1 Introduction

Literature consists of many experimental and theoretical studies into the prediction of the load-bearing capacity and behavior of piles though the mechanisms have not yet clarified completely for scholars of the field. In case of the piles that are driven into cohesionless soil, the problem is of high complexity and this is because of the sensitive nature of the factors that have impact on the behaviors of the pile. These factors can not only be quantified easily, but also involve extensive uncertainties. These factors include the stress and strain history of the soil, the impacts of soil fabric and compressibility, installation effects, and the difficulty of attaining undisturbed samples of soil.

To address effectively these complexities, the correlations with in situ experiments, e.g., the cone penetration test, the standard penetration test, and the pressure meter, are applied to numerous cases. Such tests show, to some degree, the natural conditions of soil though they suffer from many limitations. For instance, the standard penetration tests have considerably inherent variability, and they do not show the compressibility of the soil. On the other hand, if such tests are correlated with load test data upon a regional basis, instead of employing general correlations, they can deliver acceptable predictions [1, 2].

The limitations of the correlations that are attained with the in situ tests have made the researchers to develop numerous empirical relations between pile capacity and soil parameters in both end-bearing and friction piles, on the basis of load test results. The aim is providing rapid and yet practically accurate estimations regarding the pile capacity. Four of the most popular empirical methods in the literature have been introduced by Meyerhof [3], Coyle and Castello [4], the American Petroleum Institute [5], and Randolph [6]. However, they either oversimplify or inappropriately consider the impacts of given factors. The factors include residual stresses, the stress history, and actual soil parameters that exist following the pile driving operation. The designing recommendations these methods provide for users have an inconsistency with the physical processes that dictate the actual pile capacity [6]. As a result, a substitute method needs to be developed in a way to resolve the uncertainties that we face in the prediction process of the pile load capacity [2].

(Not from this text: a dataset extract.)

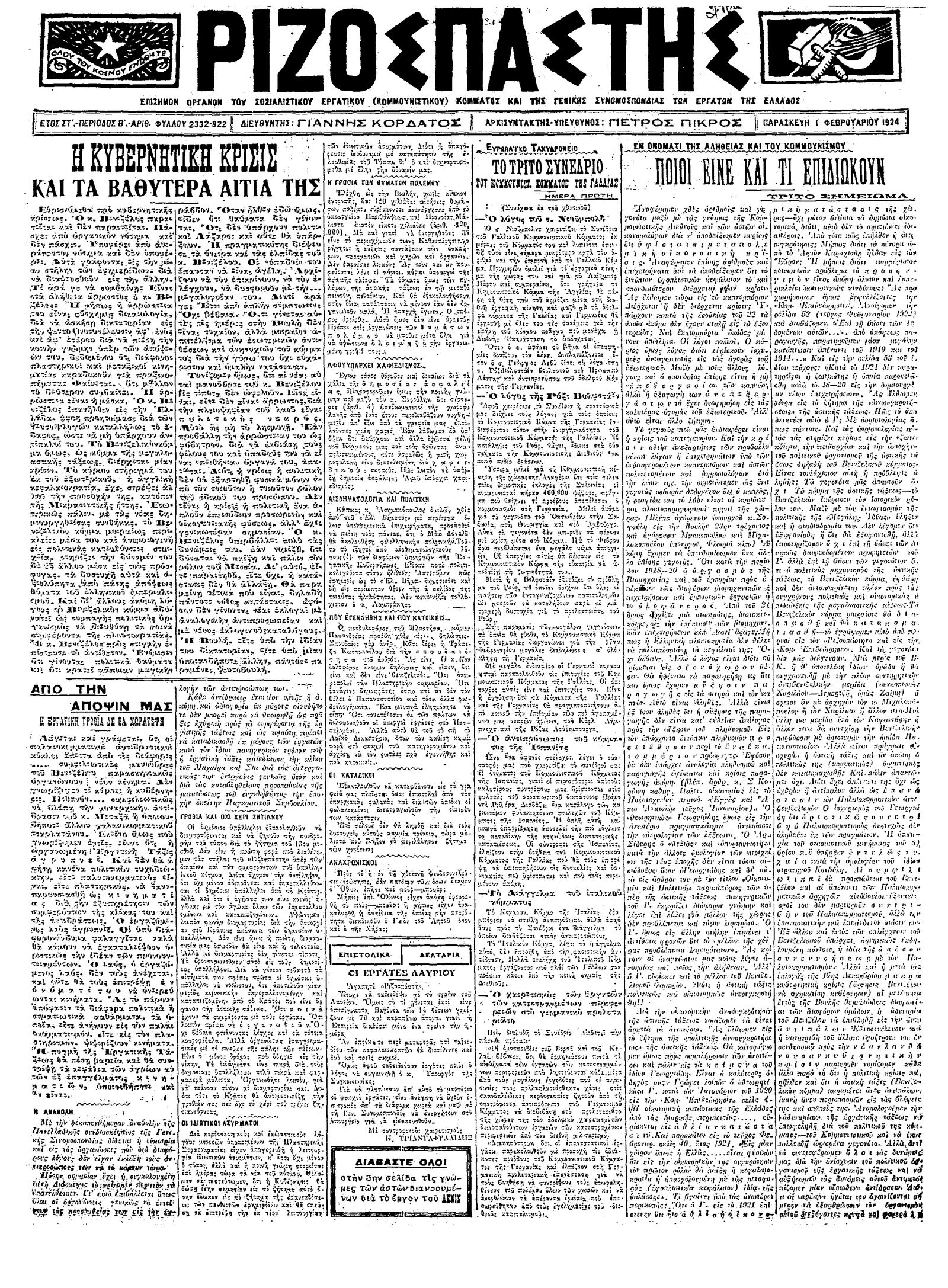 Ριζοσπάστης 01/02/1924

In recent years, in the geotechnical engineering fields of study, artificial neural networks (ANNs) have been implemented effectively to a variety of applications [7,8,9,10,11,12,13]. A multivariate adaptive regression spline (MARS) approach was used by Samui [14] for the purpose of determining the ultimate capacity of the driven piles that are installed in sands. In MARS, a variety of parameters are used as the input variables, including driven pile area (A), effective vertical stress at the tip of the pile (\(\sigma_{v}^{\prime }\)), soil at the tip of the derived pile (\(\phi_{\text{tip}}\)) and angle of shear resistance of the soil surrounding the shaft (\(\phi_{\text{shaft}}\)), and pile length (L). The pile ultimate bearing capacity is set as the MARS output. Samui [14] compared the results obtained from MARS to those of other ANN-based models, e.g., the generalized regression neural network (GRNN) model. In addition, an equation was eventually proposed on the basis of the proposed MARS. On the other hand, the driven pile bearing capacity in clay was studied by Dzagov and Razvodovskii [15]. Depending on the surrounding soil properties and the length of pile, the driven piles are capable of providing basic characteristics to be recognized as both end bearing and/or friction piles. Having integrated the artificial neural networks (ANNs) and genetic algorithm (GA), Momeni et al. [16] attempted to develop a hybrid model applicable to the prediction of the pile bearing capacity. Literature also contains other AI techniques effectively applied to the prediction of the bearing capacities of a variety of piles by means of ANN [17,18,19], functional networks (FN) [20], relevance vector machines (RVM) [21], support vector machines (SVM) [22], extreme learning machines (ELM) [23], and MARS [20, 24]. ANN has been applied not only to the load-bearing capacity of piles, but also to the prediction of the settlement of piles on the basis of the cone penetration tests (CPT) [25]. On the other hand, ANN suffers from the drawback of poor generalization, which is due to the fact that, during the training process, it attains local minima and it requires iterative learning steps to achieve learning performances of a higher quality.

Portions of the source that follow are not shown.